City hall is mostly focused on attracting business and talent, as these are supposed to bring about the tax revenue that keeps Calgary running. This wealth rarely trickles down to those who need it most, however. Calgary’s percentage of subsidized housing is the lowest among Canada’s largest cities, despite still having the highest average income in the country.

Our winter city strategy is all about embracing the cold weather and activating public spaces with bookable fire pits, outdoor activities and art installations, assuming we can safely get to them. But what happens to those whose options are limited by poverty, stigma or both? What is their winter strategy?

The line between us and them seems evident: If you’re not a middle-class, able-bodied Calgarian with a fixed address, your needs will be put on hold.

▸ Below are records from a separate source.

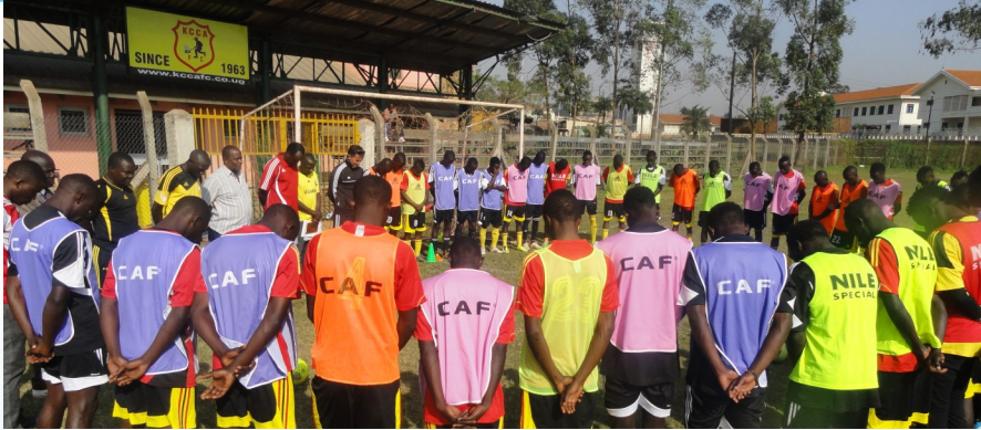
A prayer moment for U-23 players before starting training at Phillip Omondi stadium, Lugogo
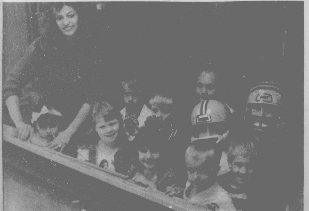
THIS PRE-SCHOOL CREW got a first hand view of what it takes to put out a newspaper when they made a tour of the Spearman Reporter facilities Monday afternoon. The group went through the production

While the official time for moving the clock is 2 a.m. Sunday, most observers of Daylight Savings will move their clocks back prior to going to bed Saturday evening.
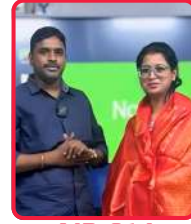
AIR 914 ANU PRIYA
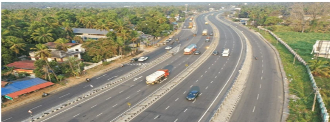
Fig 2: New Six Lane National Highway (NH-66) in Kerala
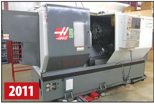
HAAS ST-30 CNC LATHE
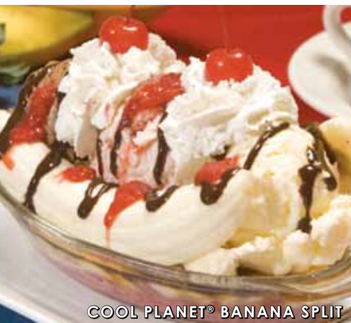
COOL PLANET® BANANA SPLIT
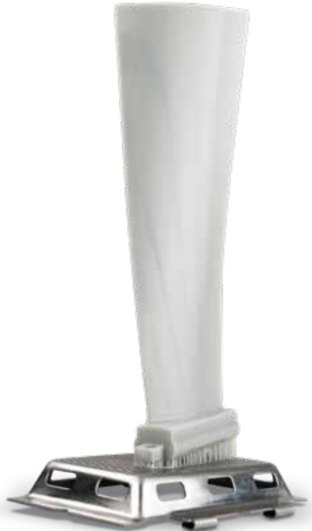
Produce parts up to 346 mm high with Figure 4 Modular

Figure 4 solutions allow manufacturing capacity to grow alongside demand—from a standalone printer for rapid prototyping to modular mid-volume direct production systems that grow as your volume grows, up to a fully-automated, fully-integrated production platform for a complete factory solution.

Clearly, favouring business interests doesn’t always lead to equitable and inclusive practices, as the capacity of some Calgarians to reclaim spaces to improve their “vibrancy” tends to result in the neglect and displacement of others often perceived as less deserving, and even unsightly. We request their removal from public spaces citing risks to our safety, and heartlessly leave them to their mercy.

If we truly want to become a “world-renowned winter city,” as city hall hopes, Calgary’s winter strategy should encompass more than the interests of our city’s business districts and incorporate weather-appropriate considerations to all city services and infrastructure from the get-go, rather than as an afterthought.

Yes, it’s great to finally have more free, fun winter activities without leaving the city, and support local businesses while we’re at it, especially during a pandemic.

However, these winter initiatives are an opportunity not only to enjoy what our city has to offer, but also to reflect on who’s being left out in the cold—and demand change.

Ximena González is a freelance writer and editor. Her work has appeared in The Globe and Mail, The Tyee and Jacobin.